Linear bar codes are used in many applications where the use of a
simple numeric or alpha-numeric code can provide the key to a database of
"products". The most obvious limitation is the amount of data that can be
stored in a linear bar code, though other problems can exist with the
substrate that the bar code is printed on providing insufficient contrast
or poor ink receptivity which can cause the quality of the bar code to be
less than ideal.
Two
Dimensional Bar Codes: A new growth area in the world of bar code is
the two-dimensional versions. Several variations of 2D are available and
as these do not all comprise bars and spaces the more accurate name of 2D
symbologies is used. 2D symbologies provide a means of storing large
amounts of data in a very small space. Whether you consider stacked
symbologies (linear bar codes stacked on top of each other), matrix
symbologies (comprising a matrix of light and dark elements, circles,
squares, or hexagons), or packet symbologies (a collection of linear
symbols "randomly" arranged on a page). Examples of the three types
include PDF417, Code 49 Code 16K (stacked), Code One, MaxiCode, Data
Matrix, Aztec Code, QR Code (matrix), and Super Code (packet). Standards
for each of these symbologies are either available from AIM or are in
progress. Several of these standards have also been submitted to ISO for
standardization.
2D symbologies have a major advantage over linear bar codes, they can
store vast amounts of data. Individual symbols can store as much as 7000
numeric only or 4200 alpha-numeric characters. Many of the symbologies
also have the ability to use a device called structured append that allows
messages to be split over multiple symbols, providing almost infinite
storage space. The disadvantage of the 2D symbologies is that a special
scanner is needed. Matrix symbologies need a vision based scanner to read
the data, though some of the stacked symbologies can be read with a
rastering laser scanner. Expect to see many new scanners with variations
in technology in the next year or so.
Card Technologies - Magnetic Stripe: The first magnetic stripe
cards were used in the early 1960s on transit tickets and in the 1970s for
bank cards. Since then the use of magnetic stripes continues to grow.

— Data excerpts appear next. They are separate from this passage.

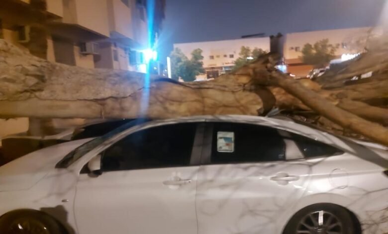 نجاة شخصين بعد سقوط شجرة عملاقة على سيارتهما في خليج الرياض
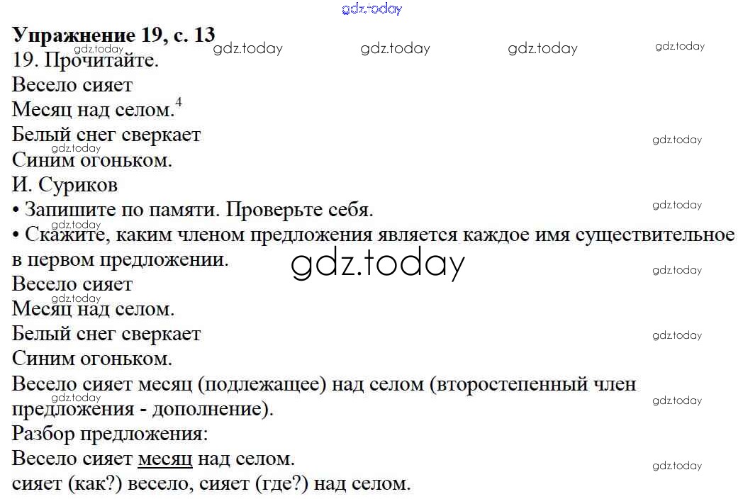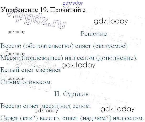 На страницах сайта gdz.today вы найдете учебный и вспомогательный материал, направленный на улучшения знаний школьной программы. ГДЗ - онлайн мир знаний Упражнения Часть 2 19 Учебнику по Русскому языку для 3 класса Канакина, Горецкий Просвещение Школа России 2013
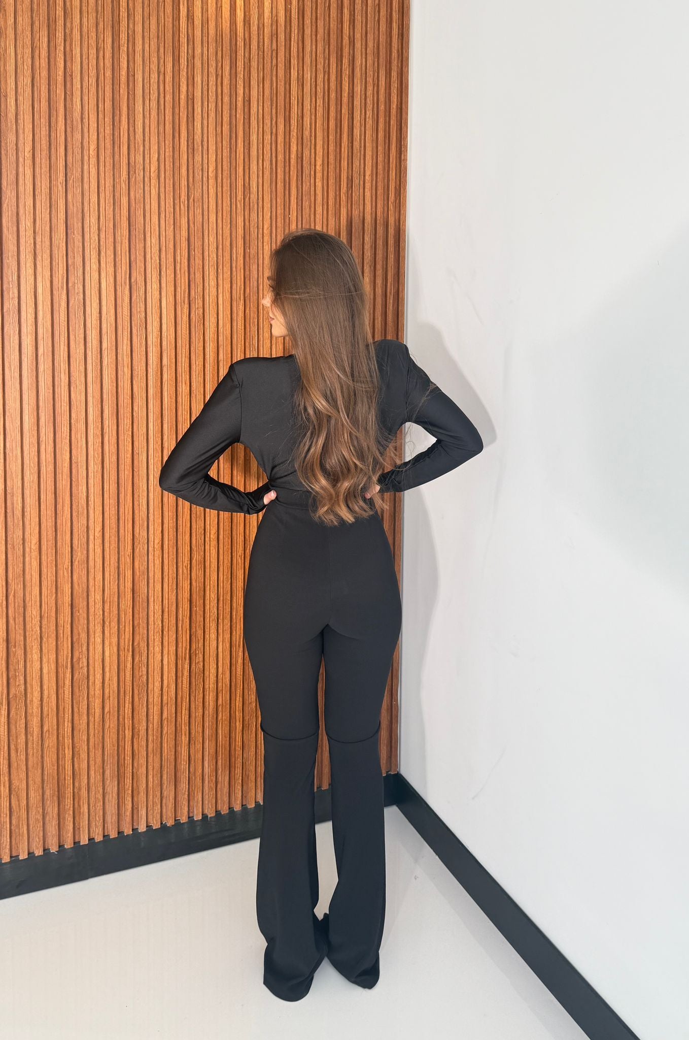 Pantalone da donna a zampa vita alta con elastico in vita interno e vestirà bene fino ad una M/L
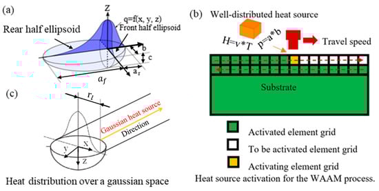 The activation method of a heat source plays a crucial role in numerical simulation, especially for WAAM. In the literature, the quiet element and inactive element methods are the two most used for the simulations of the WAAM process [27,28]. In the quiet and inactive element method, the filler metal element is present throughout the entire simulation, but quiet values are initially assigned to its thermal and elastic properties. These properties transition progressively from quiet to active values based on the element temperature. For large components, the continual presence of the filler metal elements throughout the entire process can result in long computation times. To address this issue, the death-and-birth element method is combined with the well-distributed heat source model to simulate the WAAM process in this study. As displayed in Figure 2b, the displacement of the arc heat source and the deposition of the molten filler wire metal on the substrate are achieved through the gradual activation of new elements in each time step. During a time step , nodes within the current grid element are selected, the physical attributes are assigned, and the well-distributed volumetric heat source is applied to the activated grid element. In the subsequent time step, the heat source model moves to the next grid element along the deposition path, the heat source of the previous element grid is removed, and the new grid element is activated through assigning physical attributes. This sequential activation (birth) and deactivation (death) of volume elements along the deposition path mirror the actual deposition process, enhancing the fidelity of the simulation.

Credit cards were first issued in 1951, but it wasn't until the
establishment of standards in 1970 that the magnetic stripe became a
factor in the use of the cards. Whether the card is a credit card sized
plastic card, a thin paper ticket or an airline boarding card, the uses
for magnetic stripe technology have grown considerably. Today with an
infra-structure that encompasses every store in the high street giving
them an ability to read the information on the magnetic stripe, the
technology is everywhere. Although some limitations exist in the amount of
information that can be stored on the stripe and the security of the data,
solutions to solve these problems exist from various vendors.
With the advent of new technologies many people have predicted the
demise of the magnetic stripe. However, with the investment in the current
infrastructure this is not likely to be any time soon. Magnetic stripe
technology provides the ideal solution to many aspects of our life. It is
very inexpensive and readily adaptable to many functions. The
standardization of high coercivity for the financial markets has provided
the industry with a new lease on life. This coupled with the advent of the
security techniques now available means that many applications can expect
to be using magnetic stripe technology for the next ten to twenty years.
Standards for magnetic stripe technologies are available from ISO, where
the focus is on the interchange environment, other standards are available
from AIM.
Card Technologies - Smart Card: Smart cards are not new, the
first patent was filed in France in 1974 and the first cards were used in
France in 1982. The technology was rapidly accepted in Europe because the
high cost of telecommunications made on-line verification of transactions
very expensive. The smart card provided the mechanism to move that
verification off line, reducing the cost without sacrificing any of the
security. Smart cards are credit card-sized plastic cards that contain
relatively large amounts of information in an imbedded micro-chip. There
are several terms used to identify cards with integrated circuits embedded
in them. The terms "chip card," "integrated circuit card", and "smart
card" really all refer to the same thing.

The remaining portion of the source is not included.